Mass Effect 3
2021-12-18
As I have outlined in Hello world! (again) I have had two previous iterations of blogs over the years.
In it you can clearly see that I have lost domains, data and memories.
As seen in My tale of Nix I suspected that my wordpress install was the root cause of my issues.
Since I had it dockerised I thought it would be pretty easy to back it up, and it was, got teh files archived and everything.
Roll forwards to yesterday.
I may have had the files neatly saved away, however as I was trying to get the image up and running I fell into a pile of problems:
InnoDB: Cannot open table wpdb/wp_options from the internal data dictionary of InnoDB though the .frm file for the table exists.
Thankfully this was easy enough to solve thanks to this SO post.

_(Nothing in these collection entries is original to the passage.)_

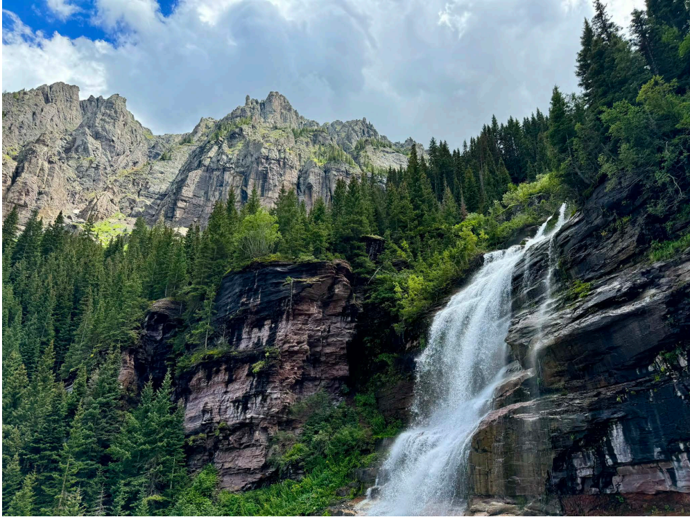
Bear Creek Falls
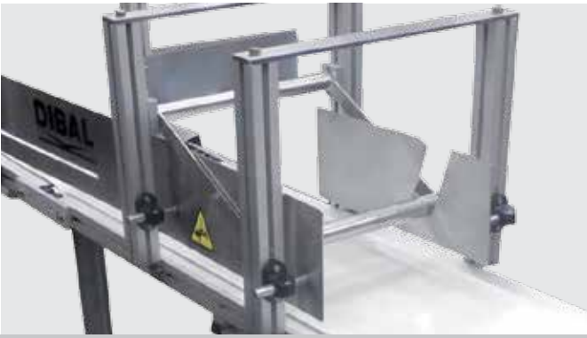
Ref: Contact us

To avoid external disturbances during the weighing process.
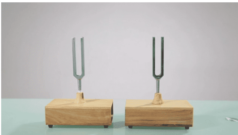
Demonstration of resonance

Bioresonance (not to be confused with biofeedback therapy) uses the frequencies emitted by living cells in the body as the information needed to facilitate treatment therapy, much like the tuning of a musical instrument. (Granted, the frequency range of cells is much lower than that of piano strings, but can still be measured with regular electronic equipment.) If you are familiar with tuning a piano then you would understand that tapping a tuning fork will cause the piano string that has the same frequency to vibrate. A simple scientific fact.
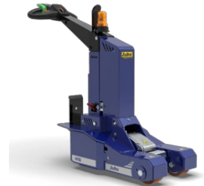
Support with flashing beacon
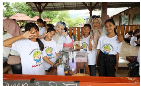
Figure 8. Market Day

The establishment of Sekolah Alam Anak Pesisir illustrates how multi-stakeholder collaboration can enrich grassroots initiatives. By co-creating a structured curriculum and providing tangible learning resources, Pertamina's CSR engagement moved beyond material assistance to become an enabler of innovative pedagogies. This resonates with scholarship on CSR in education, which emphasizes the potential for corporate actors to support not only infrastructure but also curriculum development and pedagogical innovation (Jamali & Karam, 2018). Importantly, however, the Sanggar maintained its grassroots orientation, ensuring that the program remained responsive to children's needs and community aspirations.
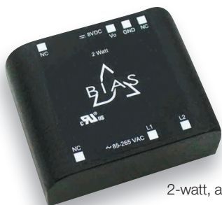
2-watt, actual size

-30° to 70°C Starting and Operating Temperature
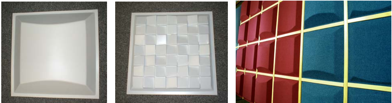
Figure 3: Sound scattering panels and example installation
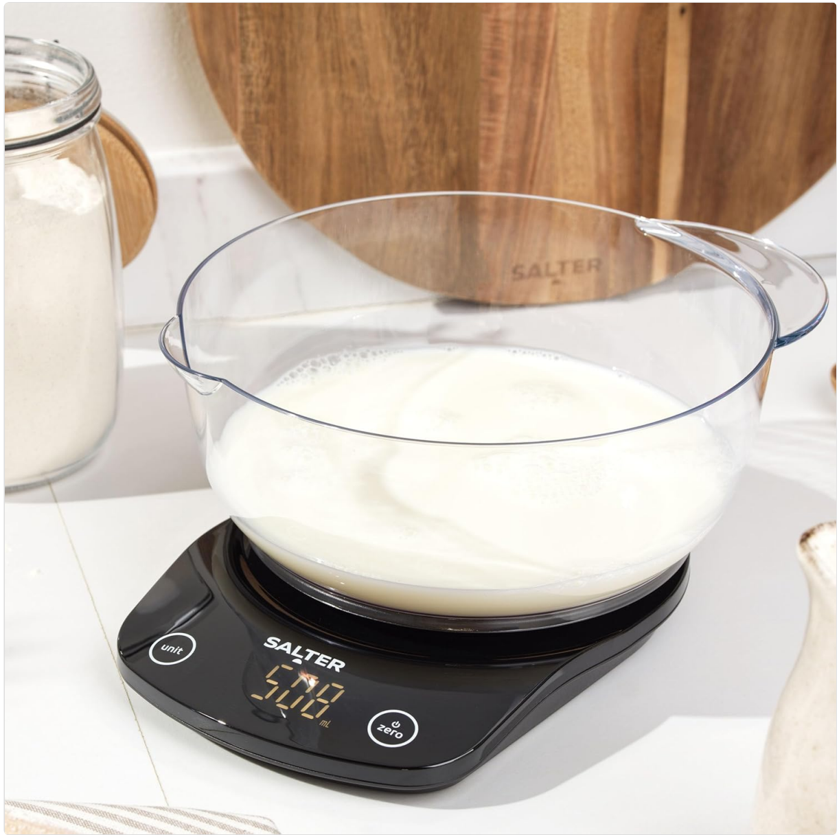
Image: The scale displaying a measurement of 508 ml, indicating milk being weighed in the clear bowl.

Next up there was teh issue of links.
Although I changed the base domain in the DB Wordpress still had issues with having the correct paths.
A post was sometimes accessed via http://192.168.1.150/2019/09/01/my-mongodb-upgrade-or-not-ish/
would be requesting
http://192.168.1.150/2019/09/01/my-mongodb-upgrade-or-not-ish/192.168.1.150/wp-includes/js/wp-emoji-release.min.js?ver=5.9.3
.
For the most part the posts were relativly accessable, however the editing pages were completely unuseable due to teh above path issues.
So I opted to copy the raw text in and customise each one to suit:
- Data Lookup in Excel has images embeded within so I enabled gitlfs for this project.
- Thoughts and reflections on hope. had formulas so required a latex script on the page.
- Website on a student budget – Scrooge version was full of dead links that needed to be sorted out.
- Guild Wars 2 Spidy bulk script v1.2 had a lot of strange quotes that fecked up teh code within
As much as I could I kept the formatting the same, which was easy for the most part.
Now that it is done I am glad, the posts have been moved out of an opaque setup into something that should be resistant to data loss and rot.
Despite how much data there is on teh internet it is far too easy for it to just go missing, permanently.
It was also a nice lookback on who I was in teh past, it would have been incredibly easy to wipe the slate clean but knowing where you have been and where you are now helps in planning where to go in teh future.